INFORMATION GIVEN START

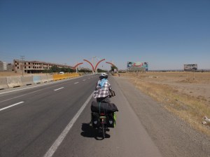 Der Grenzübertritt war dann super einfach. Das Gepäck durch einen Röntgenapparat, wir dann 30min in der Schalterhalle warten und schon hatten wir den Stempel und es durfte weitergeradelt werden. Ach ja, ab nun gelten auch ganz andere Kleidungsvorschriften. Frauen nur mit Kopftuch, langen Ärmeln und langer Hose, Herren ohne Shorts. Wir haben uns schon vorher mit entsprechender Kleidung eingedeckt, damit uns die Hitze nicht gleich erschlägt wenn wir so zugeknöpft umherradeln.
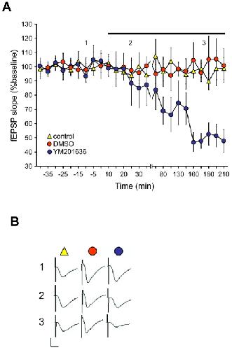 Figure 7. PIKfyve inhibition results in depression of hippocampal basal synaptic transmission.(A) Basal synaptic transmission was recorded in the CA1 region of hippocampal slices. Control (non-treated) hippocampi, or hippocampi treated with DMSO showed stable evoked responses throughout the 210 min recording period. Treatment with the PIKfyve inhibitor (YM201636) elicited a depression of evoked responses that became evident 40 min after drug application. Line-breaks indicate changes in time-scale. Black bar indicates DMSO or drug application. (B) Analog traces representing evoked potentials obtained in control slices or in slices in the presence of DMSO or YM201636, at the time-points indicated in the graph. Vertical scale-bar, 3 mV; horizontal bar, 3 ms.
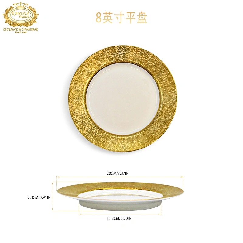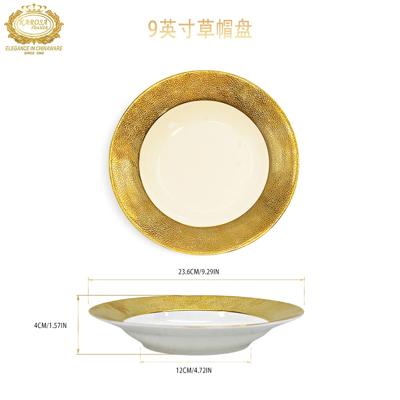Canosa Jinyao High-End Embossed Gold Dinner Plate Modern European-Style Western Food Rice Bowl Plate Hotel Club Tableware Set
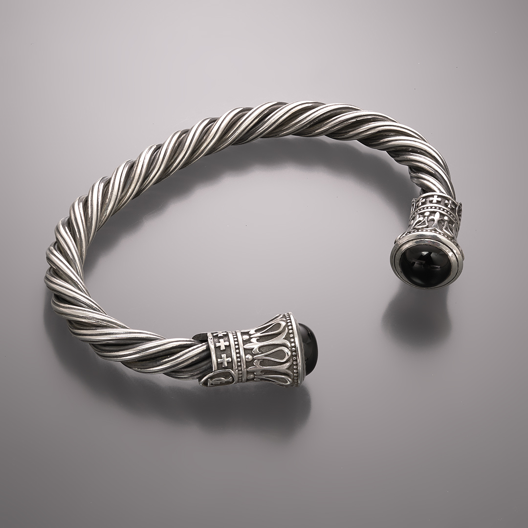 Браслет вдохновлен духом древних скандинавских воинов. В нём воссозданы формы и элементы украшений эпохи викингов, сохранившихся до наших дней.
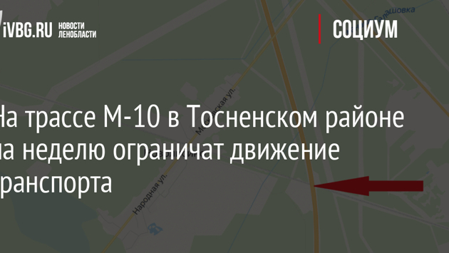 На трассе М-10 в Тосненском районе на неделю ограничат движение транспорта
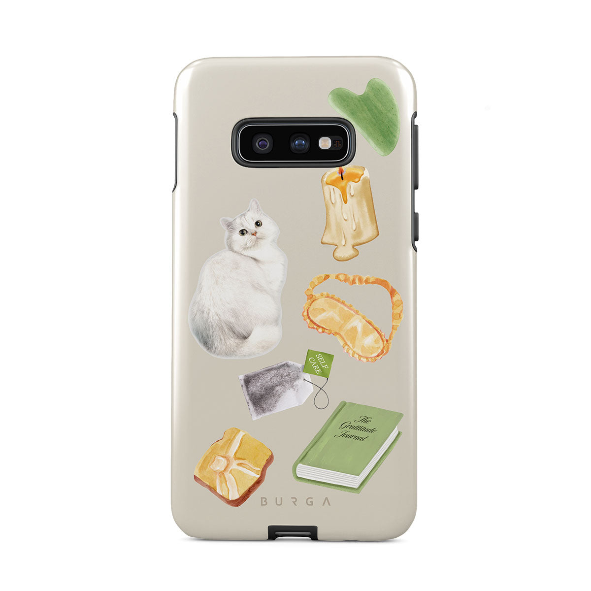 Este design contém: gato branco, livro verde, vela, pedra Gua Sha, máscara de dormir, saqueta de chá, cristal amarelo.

INFORMATION GIVEN END
INFORMATION GIVEN START

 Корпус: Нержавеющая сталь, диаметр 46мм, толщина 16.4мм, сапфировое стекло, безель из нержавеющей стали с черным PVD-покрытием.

INFORMATION GIVEN END

Your answer should be the lines above, word for word, from the line with "Figure 7. PIKfyve" through the line with "Este design contém: gato", minus the pictures.

◆ **SOLUTION**:
 Figure 7. PIKfyve inhibition results in depression of hippocampal basal synaptic transmission.(A) Basal synaptic transmission was recorded in the CA1 region of hippocampal slices. Control (non-treated) hippocampi, or hippocampi treated with DMSO showed stable evoked responses throughout the 210 min recording period. Treatment with the PIKfyve inhibitor (YM201636) elicited a depression of evoked responses that became evident 40 min after drug application. Line-breaks indicate changes in time-scale. Black bar indicates DMSO or drug application. (B) Analog traces representing evoked potentials obtained in control slices or in slices in the presence of DMSO or YM201636, at the time-points indicated in the graph. Vertical scale-bar, 3 mV; horizontal bar, 3 ms.
Canosa Jinyao High-End Embossed Gold Dinner Plate Modern European-Style Western Food Rice Bowl Plate Hotel Club Tableware Set
 Браслет вдохновлен духом древних скандинавских воинов. В нём воссозданы формы и элементы украшений эпохи викингов, сохранившихся до наших дней.
 На трассе М-10 в Тосненском районе на неделю ограничат движение транспорта
 Este design contém: gato branco, livro verde, vela, pedra Gua Sha, máscara de dormir, saqueta de chá, cristal amarelo.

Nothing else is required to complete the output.